All work took two months, fixing the erection teams of the assembly team allowed during the transfer - about a month. After that, the neighborhood from the accident generator turned into one of the most silent harbors of the network. For the second year, 5-7 emergency tickets are received from there per month, no more.
As a result, according to the results of the installation and a couple of months of operation, the scheme was approved for further use.
In the same way, we remade another 9 micro-districts in the first “macro-district”, and 7 in the second. The average length of the rings is from 12 to 30 switches. Given that the rings are mostly passive, and only pass BPDU packets - the convergence time is about 5 seconds.
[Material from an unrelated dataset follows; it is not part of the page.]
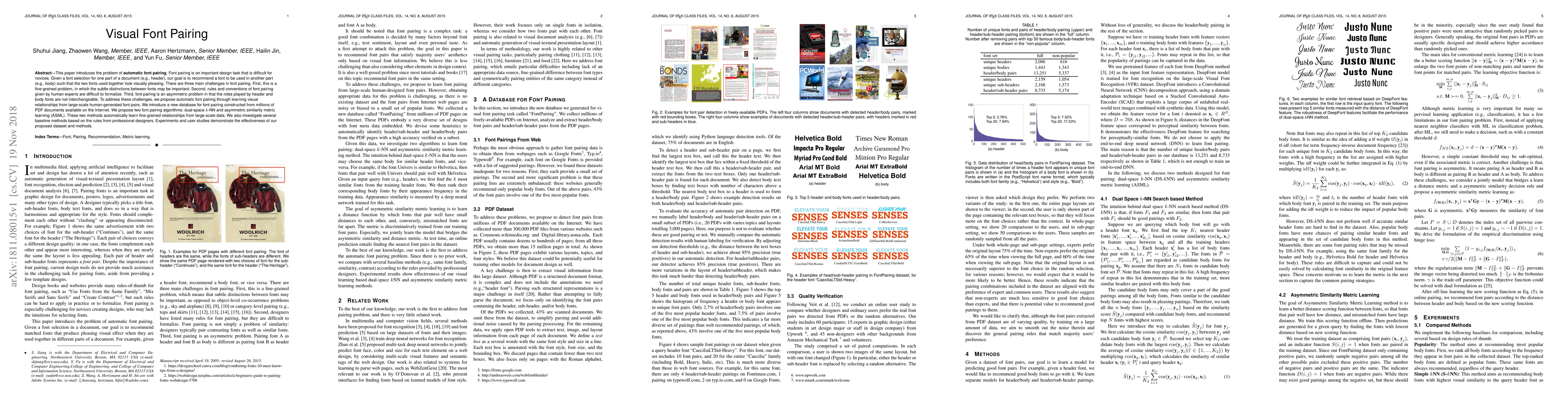 This paper presents an approach to automatically recommend visually harmonious font pairings for documents, addressing the challenges of fine-grained distinctions, informalization of expert rules, and the asymmetric nature of font roles. It introduces a new dataset and proposes two algorithms to learn visual relationships from large-scale human-generated font pairs, demonstrating their effectiveness through experiments and user studies.
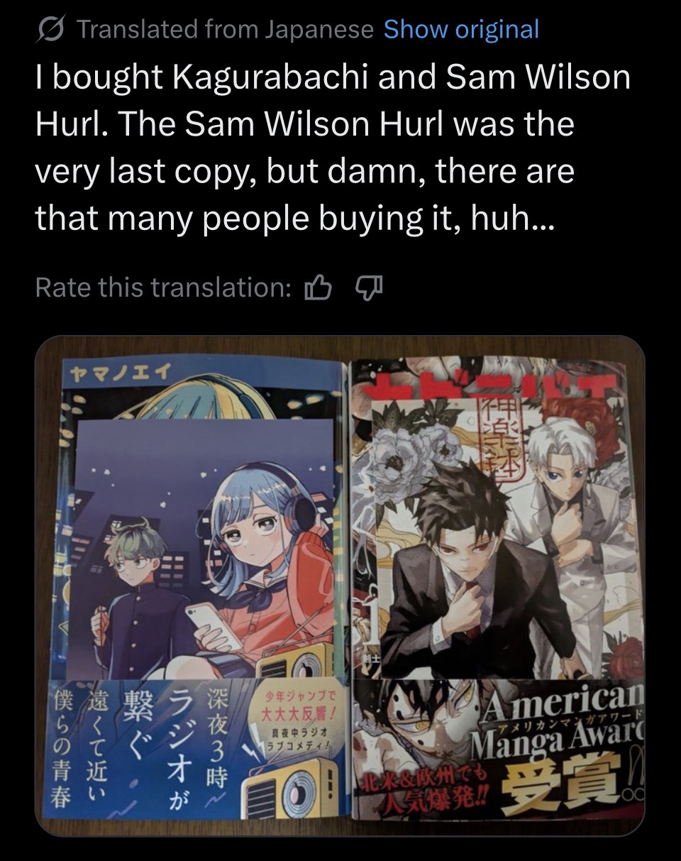 >>285052432Daily reminder that after 2 years Kagurabachi only has 3 million copies in circulation, which is 8 times lower than Black Clover's numbers.Big, very big, sad.

In one neighborhood, the scheme had to be slightly changed. The development did not allow one ring to cover the entire neighborhood. Therefore, a small ring of 12 switches covering half the microdistrict was made, and a separate cable was connected to seven houses remote from the rest of the houses. For them purchased a media converter chassis, and a Dlink 3100-24 switch. Each of the switches on these houses was switched on via a SFP bundle converter to 3100-24. It turned out a kind of regional "mini star".
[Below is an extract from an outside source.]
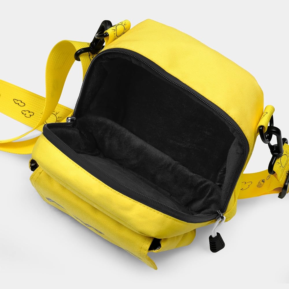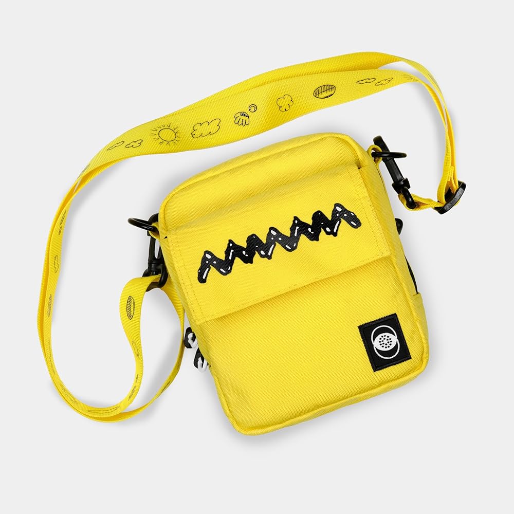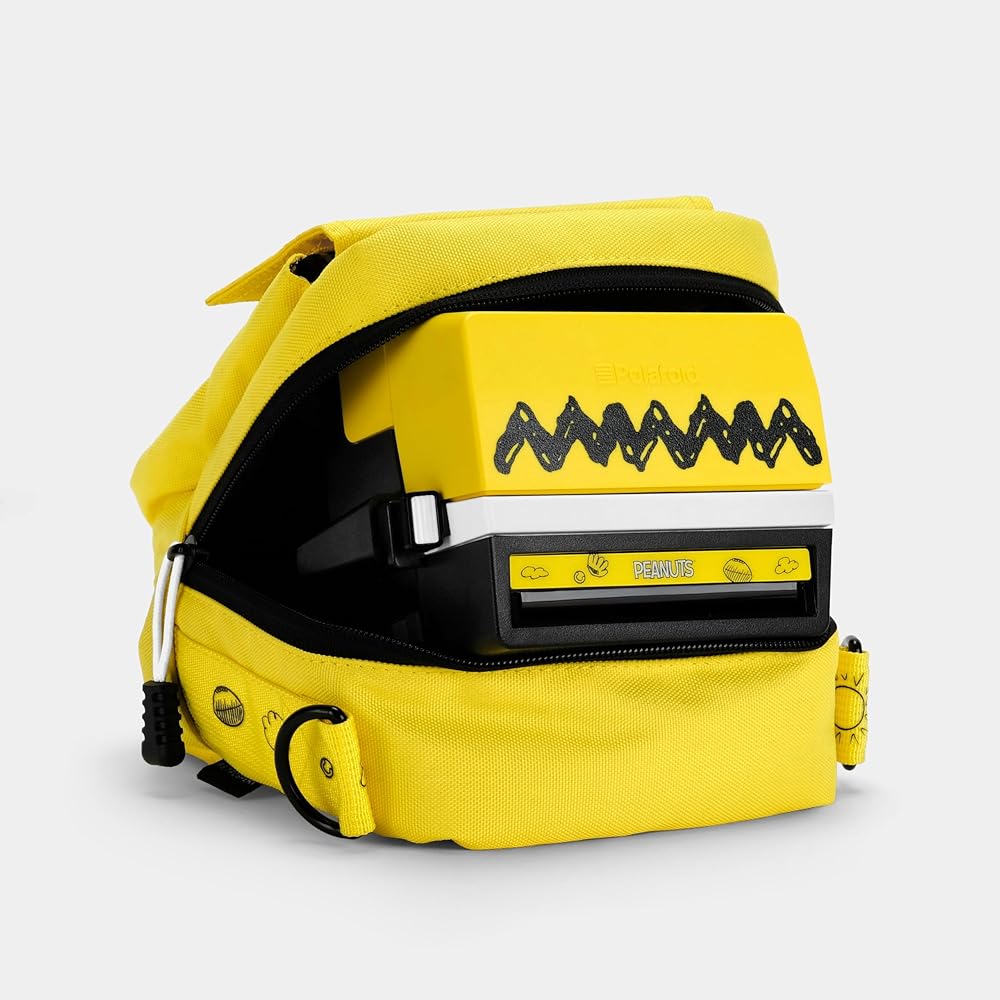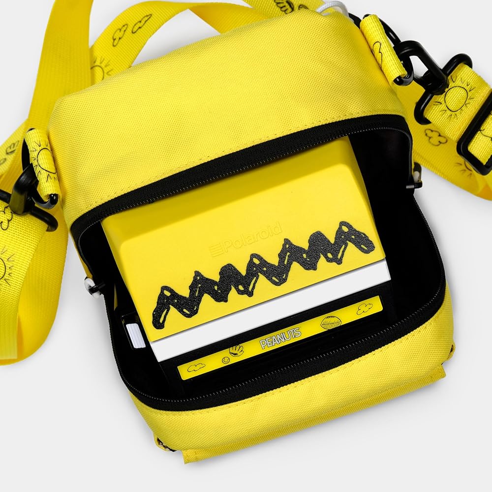 Specially designed to complement the Peanuts Charlie Brown 600 instant film camera, this instant camera bag is flexible enough to accommodate many different types of cameras and film. Built from a durable yellow textile and prominently displaying the classic zig-zag pattern from Chuck's favorite shirt, the case has a large zipper compartment to store a camera and a smaller front compartment perfect for film or other accessories. The bag is lined with a bold interior graphic composed of classic Peanuts' comic strips and has an adjustable shoulder strap. Please note this bag will not fit Express or Impulse models of Polaroid 600 cameras. Features: Lightly-padded camera compartment with zipper closure Adjustable, removable clip-on strap Two D-rings for adjustable wear Front pocket for one film pack Back zipper pocket for phone or Polaroid photos Specs Bag dimensions: 6 x 6.5 x 4.5in (15.2 x 16.5 x 11.4cm) Strap width: 1.25in (3.25cm) Adjustable strap length: 14.5-28.5 in (36.8-72.4cm) 100% polyester Designed in Milwaukee, WI, made in China
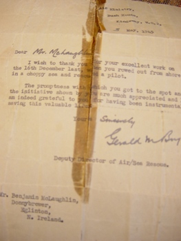 This is the actual letter Ben Mc laughlin received from the ministry in thanks for saving the pilot who crashed in the Foyle

But the feature on this site is not in the circuit, but in the method of unwinding the cable. Since it was laid in one piece with end-to-end plants to the places of future installation of equipment, it was decided not to cut it at the points, but to get one fiber each. As a result, two centimeter notches were made directly on the cable at a distance of 40-50 cm and the module was opened. In one incision, the desired fiber was sought and eaten, after which the incision was sealed. The cut fiber was carefully removed in the second cut and terminated. The incision site and the fiber supply were retracted to the cassette, and the end switch went to the switch.
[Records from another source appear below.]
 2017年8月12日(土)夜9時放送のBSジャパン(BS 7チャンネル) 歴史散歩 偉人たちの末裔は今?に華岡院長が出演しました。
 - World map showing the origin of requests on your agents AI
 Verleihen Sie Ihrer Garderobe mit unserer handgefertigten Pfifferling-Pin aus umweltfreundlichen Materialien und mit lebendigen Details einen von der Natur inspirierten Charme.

The work is difficult and almost jewelry. I spent a week and a half on splitting seven points, but it was worth it. When in the future, when repairing roofs, our cable was bent almost 180 degrees, and judging by the trace of free fiber, in this place, even after extension, there was a decent signal drop - none of the points stopped working. If there were 5-7 connectors on the way, it would hardly have been so rosy.

Future plans.


There are always enough fronts, plans for the summer to transfer four more microdistricts to FTTB (Building), to start changing the ring in one of the “macro districts” for 24 fiber cables, plus the whole administration plans to connect a couple of cottage villages around the city to the network. In addition, recently, businessmen became more active citizens, who in their dreams see unlimited gigabit Internet directly to the office, which does not reduce our troubles.
According to general results, over the last year we had one emergency visit to repair optics, which was torn down by a tree that fell in a thunderstorm, whereas three years ago we went to emergency heels once a month - the bottle flooded after the rain, the signal disappeared, and other troubles welcomed us almost weekly.
The average number of emergency tickets per week, in the past two years, if it does not fall, it does not grow exactly, this is with a triple increase in the subscriber base. In addition, the initial diagnostics on the ticket is now often reduced to viewing the log and the state of the switch port. That is much easier and faster to go to the place of an emergency or assembly crew.
Intra-district rings and trunk lines designed for skipping 1 Gbit / s are now loaded at peak hours by 30-45%, so we have room to grow and the network can work for another couple of years according to the transport capability, although it is already preparing an adequate change ...

Still in the plans, notes on copper house communications, and met interesting in setting up the equipment.